Exercise requirements –
Pictures aside, output each record exactly.

Extracted records
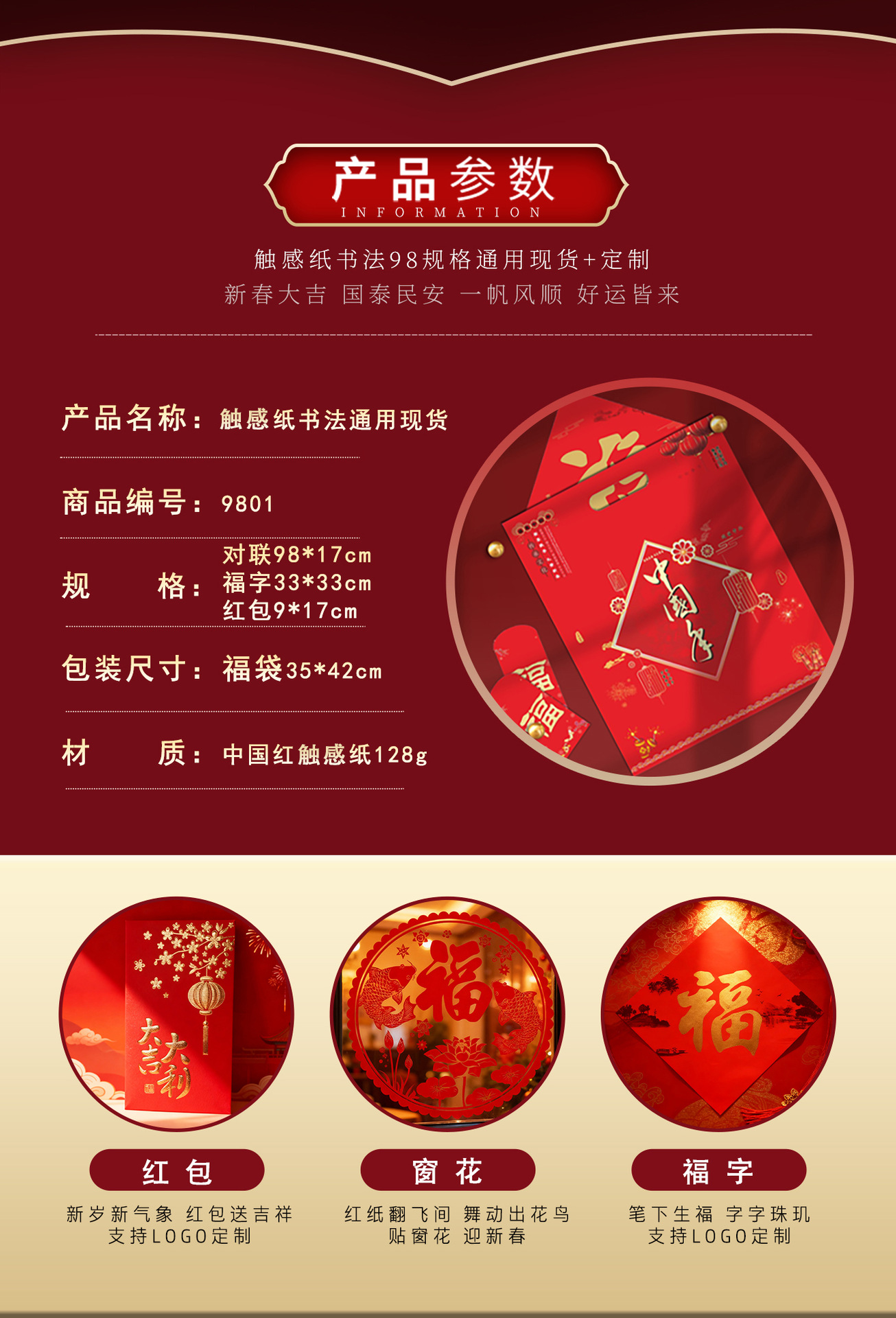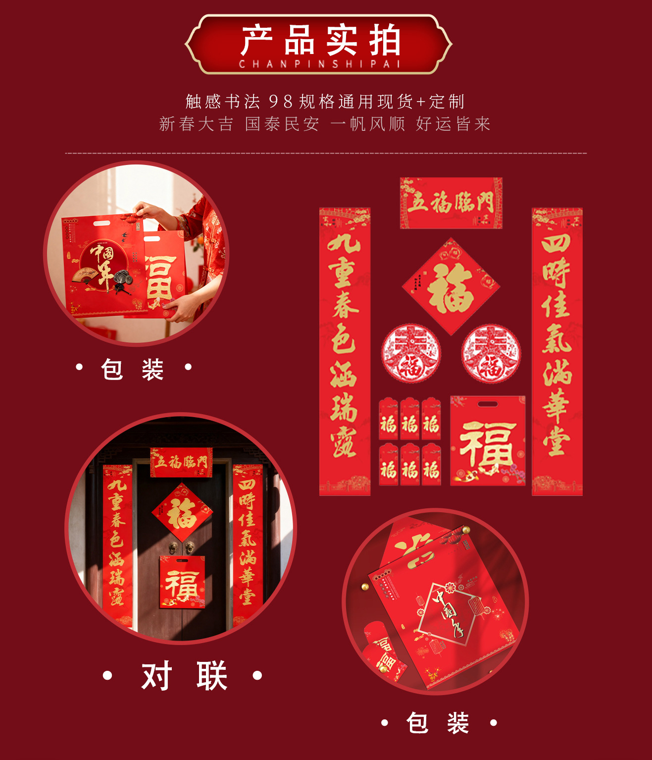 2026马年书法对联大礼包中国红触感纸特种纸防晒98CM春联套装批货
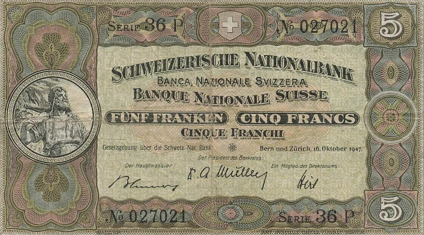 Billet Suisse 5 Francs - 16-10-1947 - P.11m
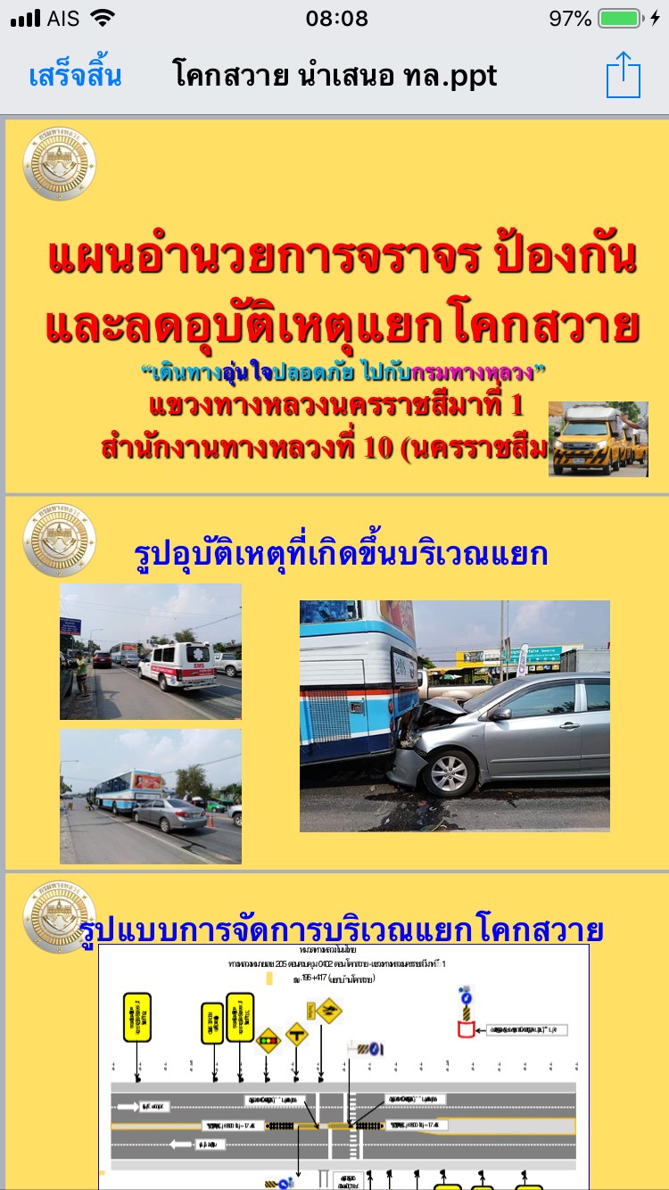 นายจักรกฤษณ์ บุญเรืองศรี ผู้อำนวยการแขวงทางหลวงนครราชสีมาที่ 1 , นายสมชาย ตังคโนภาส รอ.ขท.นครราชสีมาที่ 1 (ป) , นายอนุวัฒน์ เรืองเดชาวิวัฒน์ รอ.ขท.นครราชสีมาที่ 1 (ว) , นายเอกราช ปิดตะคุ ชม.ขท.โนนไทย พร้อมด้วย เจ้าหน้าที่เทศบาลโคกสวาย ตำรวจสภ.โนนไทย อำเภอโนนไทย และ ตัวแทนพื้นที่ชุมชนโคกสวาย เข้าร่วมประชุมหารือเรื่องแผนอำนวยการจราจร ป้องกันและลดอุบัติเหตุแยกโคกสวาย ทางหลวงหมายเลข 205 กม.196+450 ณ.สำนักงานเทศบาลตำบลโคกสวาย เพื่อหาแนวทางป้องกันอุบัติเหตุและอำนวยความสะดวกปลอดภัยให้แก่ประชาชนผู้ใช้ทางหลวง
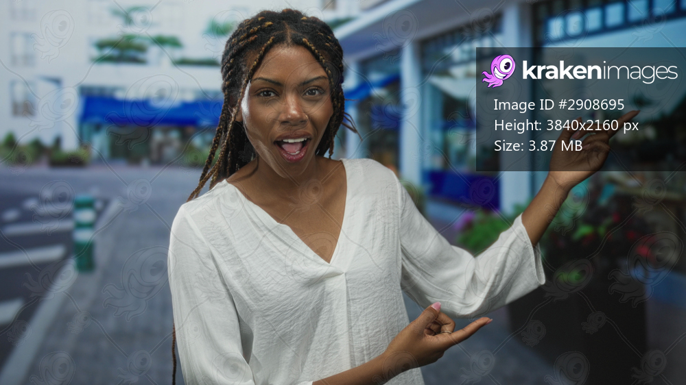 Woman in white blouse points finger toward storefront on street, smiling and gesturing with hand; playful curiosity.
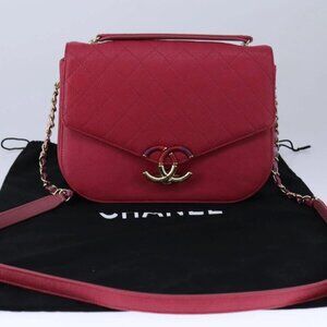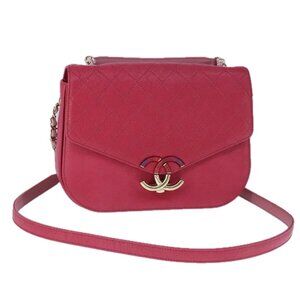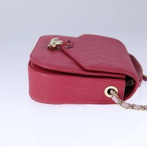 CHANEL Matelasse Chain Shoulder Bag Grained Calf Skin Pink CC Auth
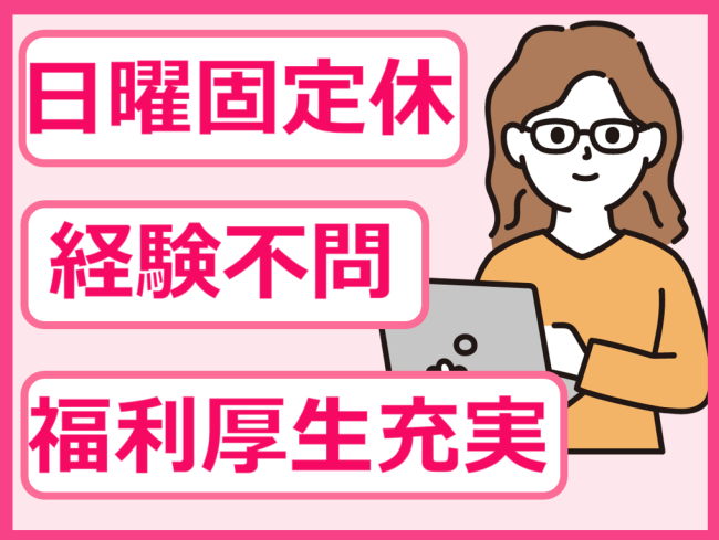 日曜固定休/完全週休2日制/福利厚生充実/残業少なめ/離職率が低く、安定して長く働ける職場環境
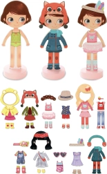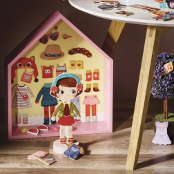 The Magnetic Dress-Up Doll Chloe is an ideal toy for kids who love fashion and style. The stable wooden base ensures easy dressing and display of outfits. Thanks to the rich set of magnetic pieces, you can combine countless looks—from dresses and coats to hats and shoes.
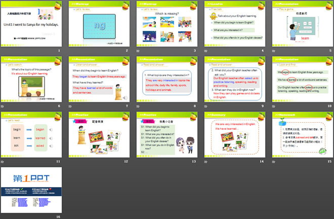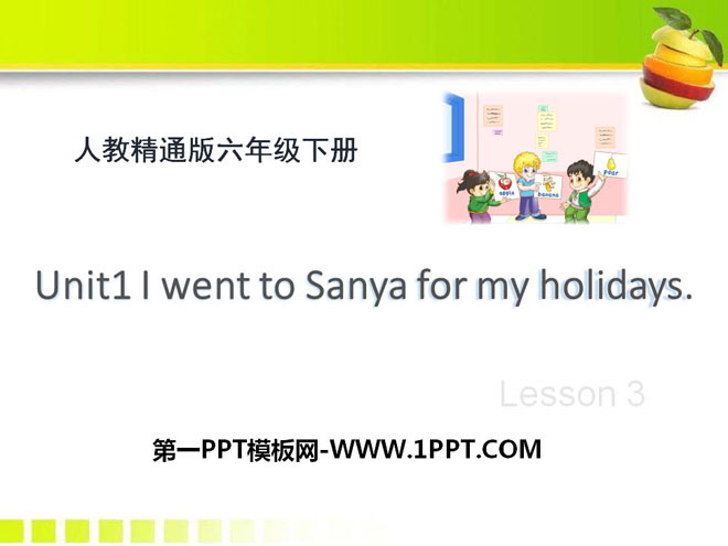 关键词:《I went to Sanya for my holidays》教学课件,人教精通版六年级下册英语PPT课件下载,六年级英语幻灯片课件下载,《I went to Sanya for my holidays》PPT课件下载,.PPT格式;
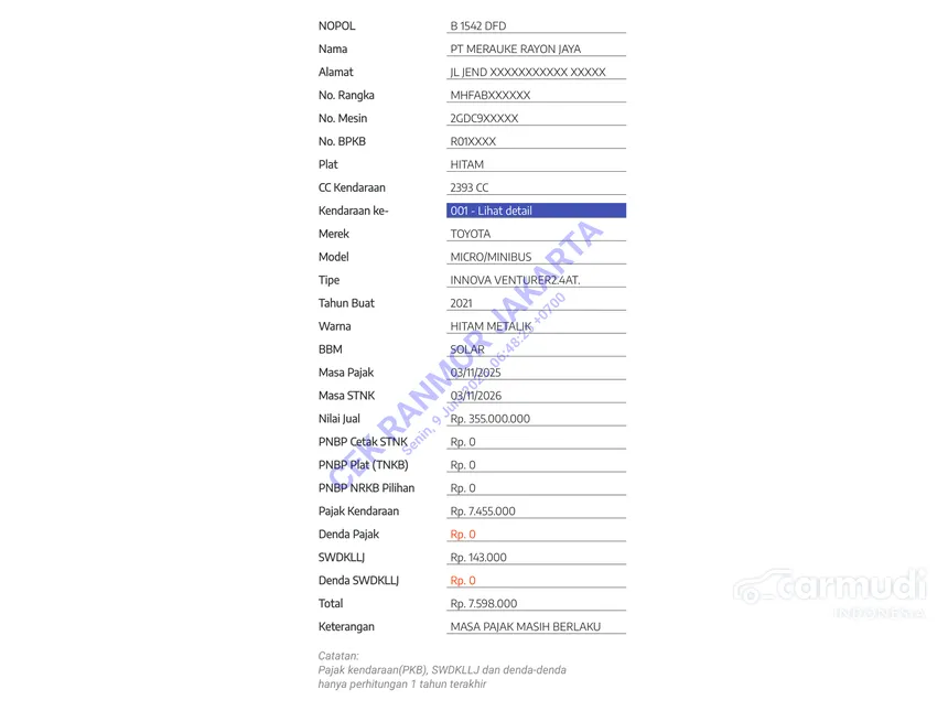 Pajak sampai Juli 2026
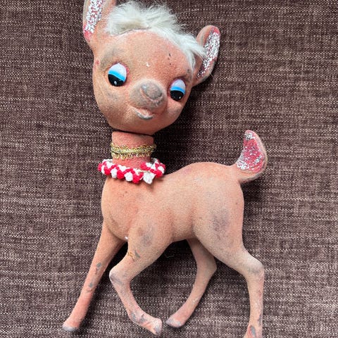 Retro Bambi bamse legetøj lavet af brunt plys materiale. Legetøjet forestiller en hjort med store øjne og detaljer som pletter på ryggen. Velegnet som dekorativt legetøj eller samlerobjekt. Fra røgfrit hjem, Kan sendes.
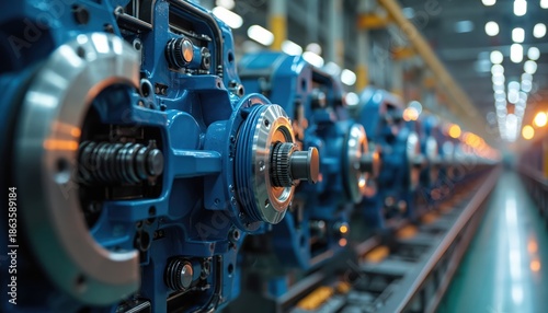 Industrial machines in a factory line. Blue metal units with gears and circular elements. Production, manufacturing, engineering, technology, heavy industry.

Response –
 2026马年书法对联大礼包中国红触感纸特种纸防晒98CM春联套装批货
 Billet Suisse 5 Francs - 16-10-1947 - P.11m
 นายจักรกฤษณ์ บุญเรืองศรี ผู้อำนวยการแขวงทางหลวงนครราชสีมาที่ 1 , นายสมชาย ตังคโนภาส รอ.ขท.นครราชสีมาที่ 1 (ป) , นายอนุวัฒน์ เรืองเดชาวิวัฒน์ รอ.ขท.นครราชสีมาที่ 1 (ว) , นายเอกราช ปิดตะคุ ชม.ขท.โนนไทย พร้อมด้วย เจ้าหน้าที่เทศบาลโคกสวาย ตำรวจสภ.โนนไทย อำเภอโนนไทย และ ตัวแทนพื้นที่ชุมชนโคกสวาย เข้าร่วมประชุมหารือเรื่องแผนอำนวยการจราจร ป้องกันและลดอุบัติเหตุแยกโคกสวาย ทางหลวงหมายเลข 205 กม.196+450 ณ.สำนักงานเทศบาลตำบลโคกสวาย เพื่อหาแนวทางป้องกันอุบัติเหตุและอำนวยความสะดวกปลอดภัยให้แก่ประชาชนผู้ใช้ทางหลวง
 Woman in white blouse points finger toward storefront on street, smiling and gesturing with hand; playful curiosity.
 CHANEL Matelasse Chain Shoulder Bag Grained Calf Skin Pink CC Auth
 日曜固定休/完全週休2日制/福利厚生充実/残業少なめ/離職率が低く、安定して長く働ける職場環境
 The Magnetic Dress-Up Doll Chloe is an ideal toy for kids who love fashion and style. The stable wooden base ensures easy dressing and display of outfits. Thanks to the rich set of magnetic pieces, you can combine countless looks—from dresses and coats to hats and shoes.
 关键词:《I went to Sanya for my holidays》教学课件,人教精通版六年级下册英语PPT课件下载,六年级英语幻灯片课件下载,《I went to Sanya for my holidays》PPT课件下载,.PPT格式;
 Pajak sampai Juli 2026
 Retro Bambi bamse legetøj lavet af brunt plys materiale. Legetøjet forestiller en hjort med store øjne og detaljer som pletter på ryggen. Velegnet som dekorativt legetøj eller samlerobjekt. Fra røgfrit hjem, Kan sendes.
 Industrial machines in a factory line. Blue metal units with gears and circular elements. Production, manufacturing, engineering, technology, heavy industry.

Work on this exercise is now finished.